§ Task prompt:
Go to the line with "2. Gå til du" in the material below and copy from there through the line with "山手線 新宿 2009-8", exactly. Pictures are not copied.

§ Dataset content:
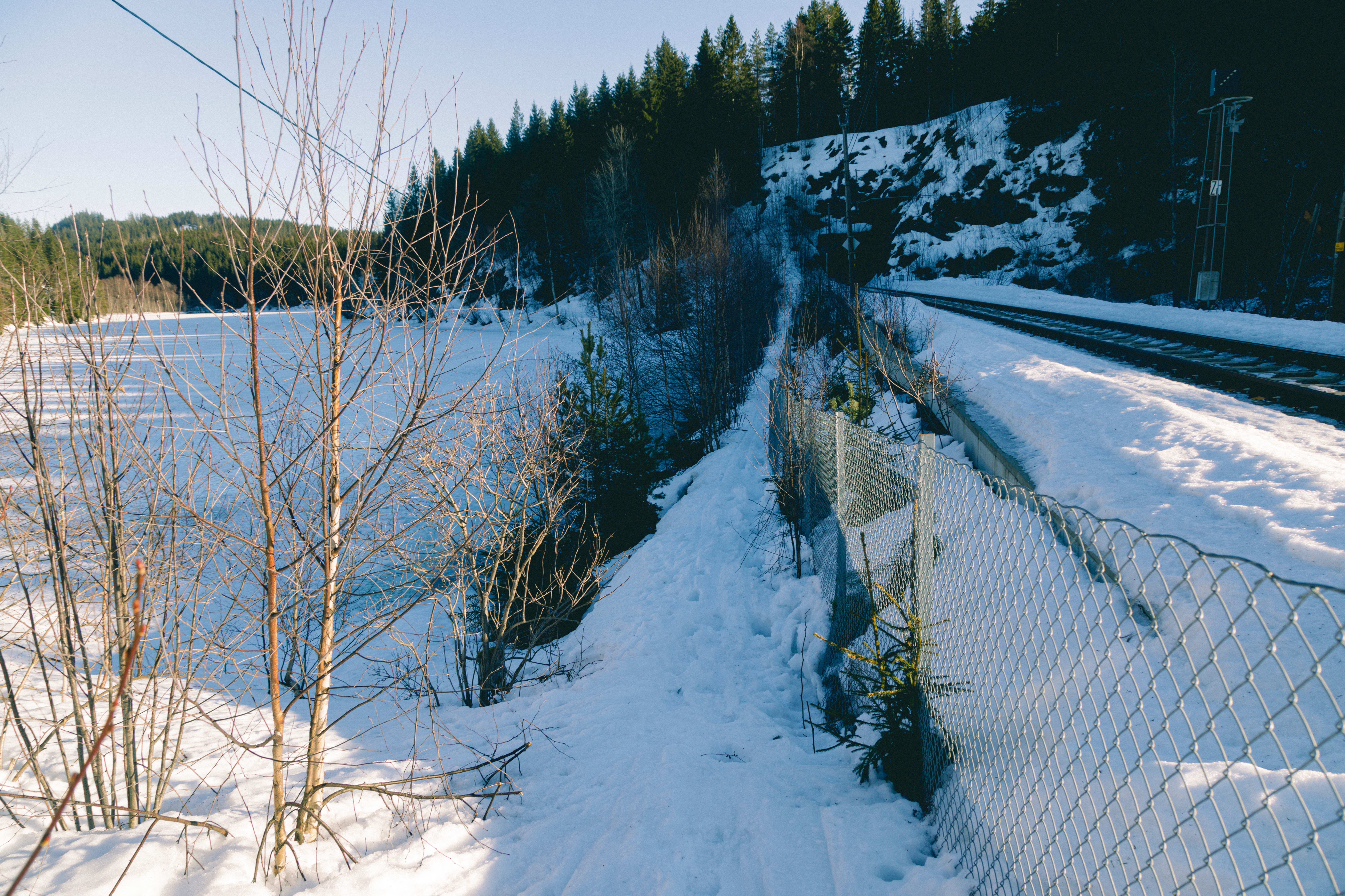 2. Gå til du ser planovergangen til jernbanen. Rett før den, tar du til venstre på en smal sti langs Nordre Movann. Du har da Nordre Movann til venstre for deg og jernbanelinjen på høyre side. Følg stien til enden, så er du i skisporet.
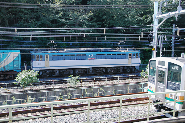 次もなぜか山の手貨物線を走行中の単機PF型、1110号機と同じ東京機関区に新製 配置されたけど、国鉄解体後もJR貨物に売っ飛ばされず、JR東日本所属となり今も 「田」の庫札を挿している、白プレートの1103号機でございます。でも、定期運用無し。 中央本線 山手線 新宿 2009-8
---
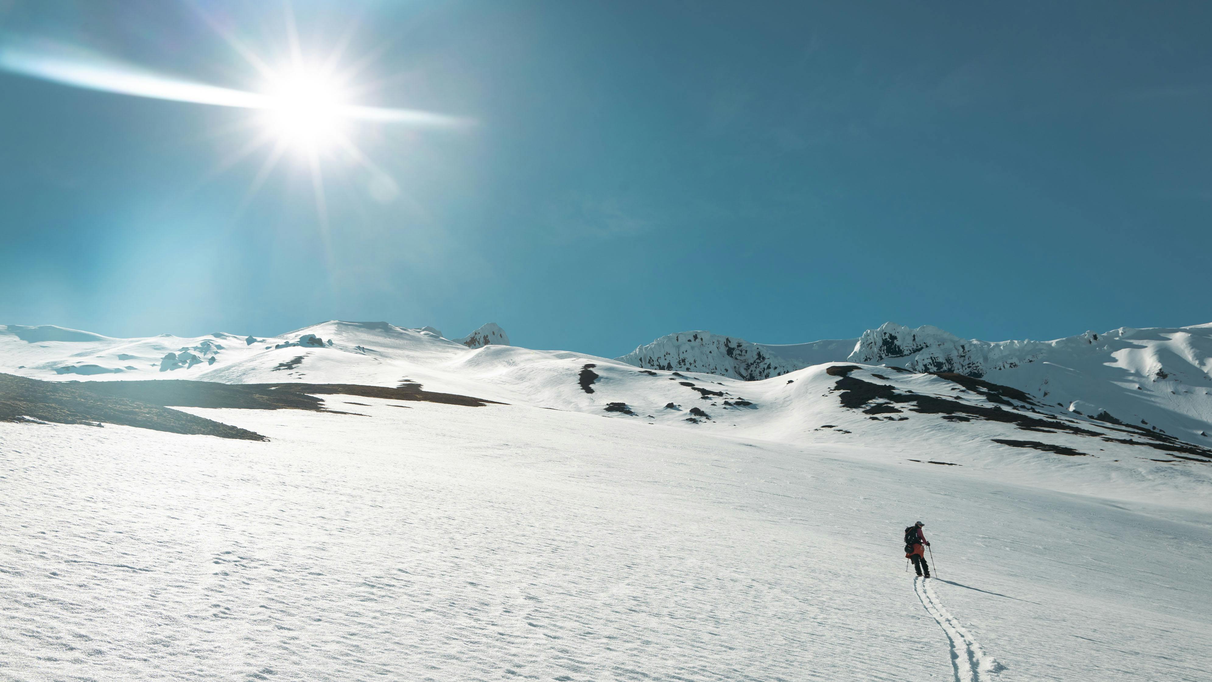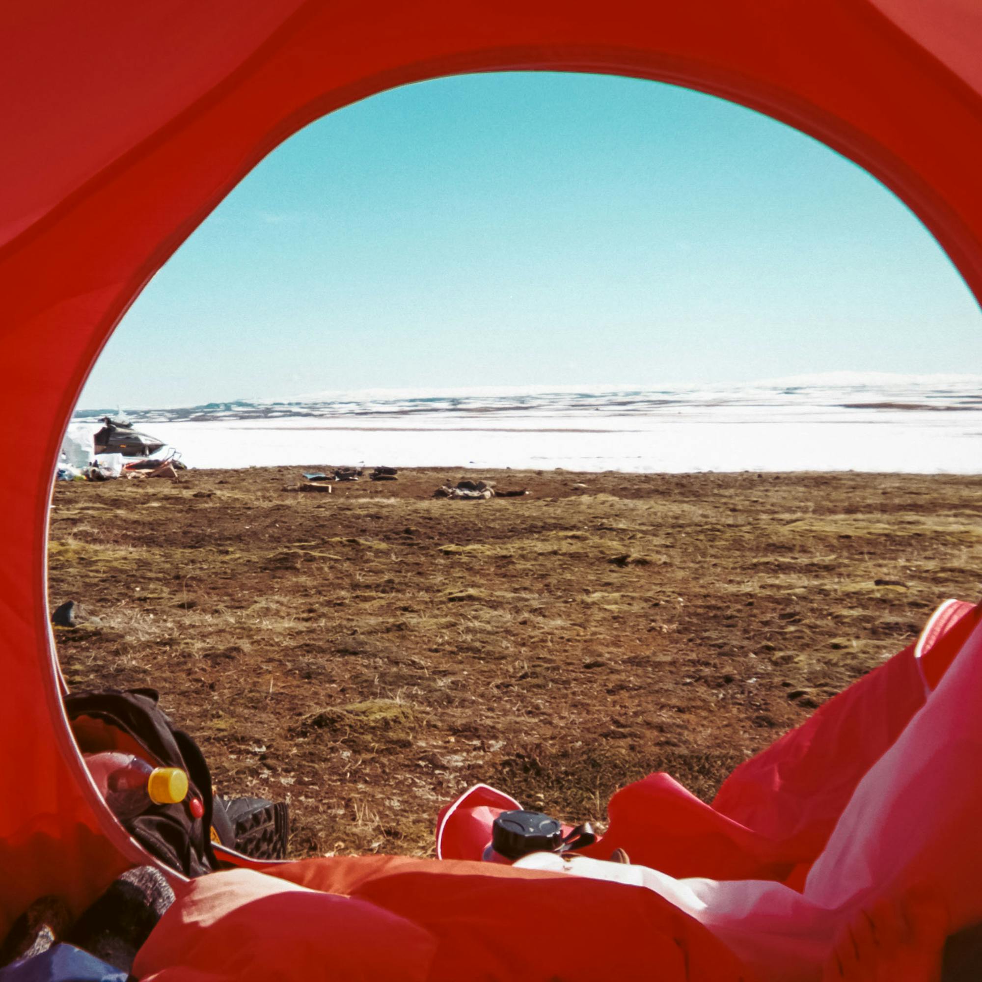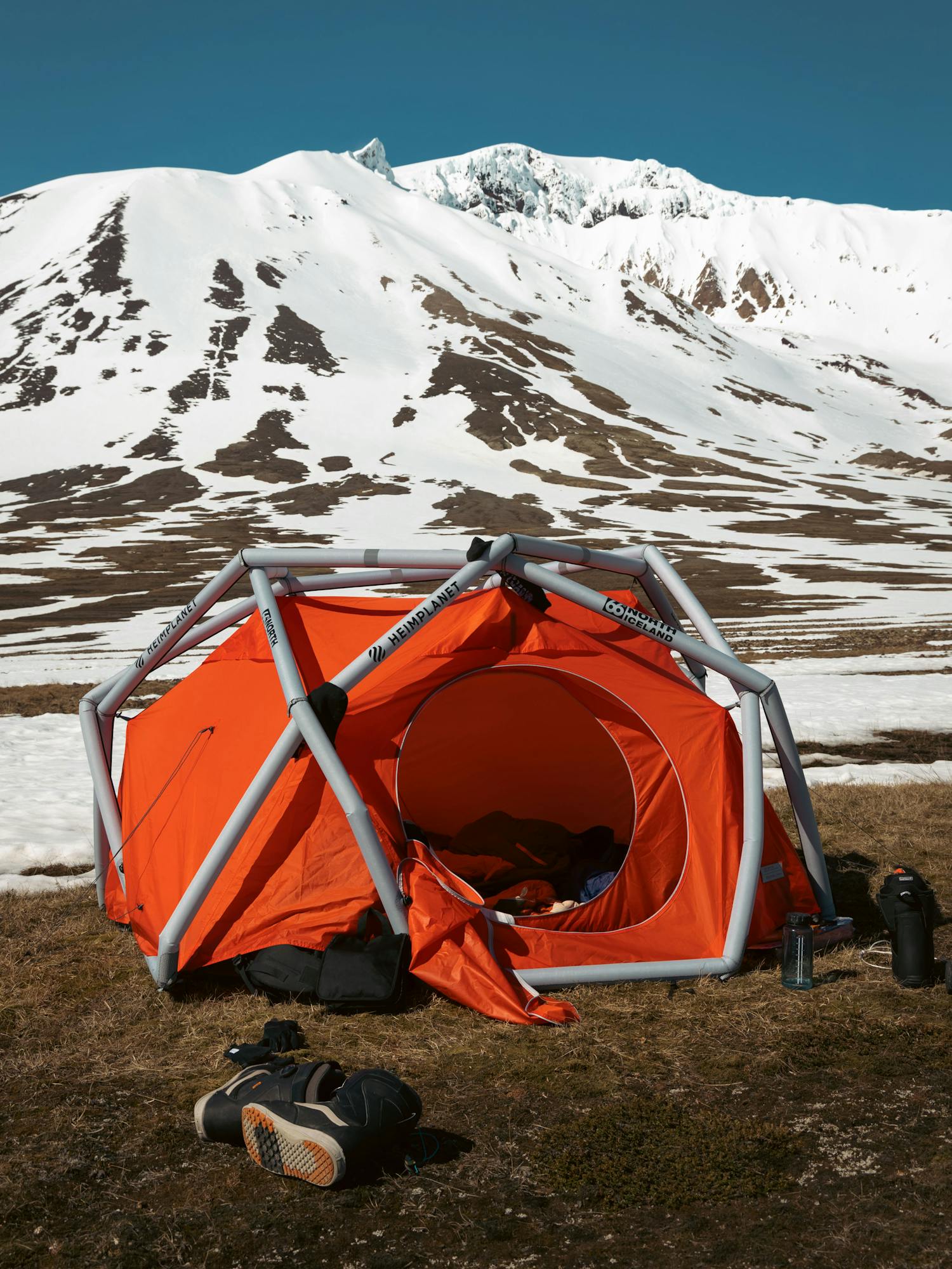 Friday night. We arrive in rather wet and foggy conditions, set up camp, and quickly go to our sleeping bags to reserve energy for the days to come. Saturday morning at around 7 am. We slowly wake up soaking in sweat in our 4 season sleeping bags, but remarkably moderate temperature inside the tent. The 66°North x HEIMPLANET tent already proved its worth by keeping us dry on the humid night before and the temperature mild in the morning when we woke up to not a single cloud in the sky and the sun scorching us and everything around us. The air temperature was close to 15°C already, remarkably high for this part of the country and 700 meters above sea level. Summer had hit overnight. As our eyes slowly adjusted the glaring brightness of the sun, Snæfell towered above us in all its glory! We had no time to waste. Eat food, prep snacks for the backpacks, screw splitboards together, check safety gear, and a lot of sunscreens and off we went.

§ Expected answer:
 2. Gå til du ser planovergangen til jernbanen. Rett før den, tar du til venstre på en smal sti langs Nordre Movann. Du har da Nordre Movann til venstre for deg og jernbanelinjen på høyre side. Følg stien til enden, så er du i skisporet.
 次もなぜか山の手貨物線を走行中の単機PF型、1110号機と同じ東京機関区に新製 配置されたけど、国鉄解体後もJR貨物に売っ飛ばされず、JR東日本所属となり今も 「田」の庫札を挿している、白プレートの1103号機でございます。でも、定期運用無し。 中央本線 山手線 新宿 2009-8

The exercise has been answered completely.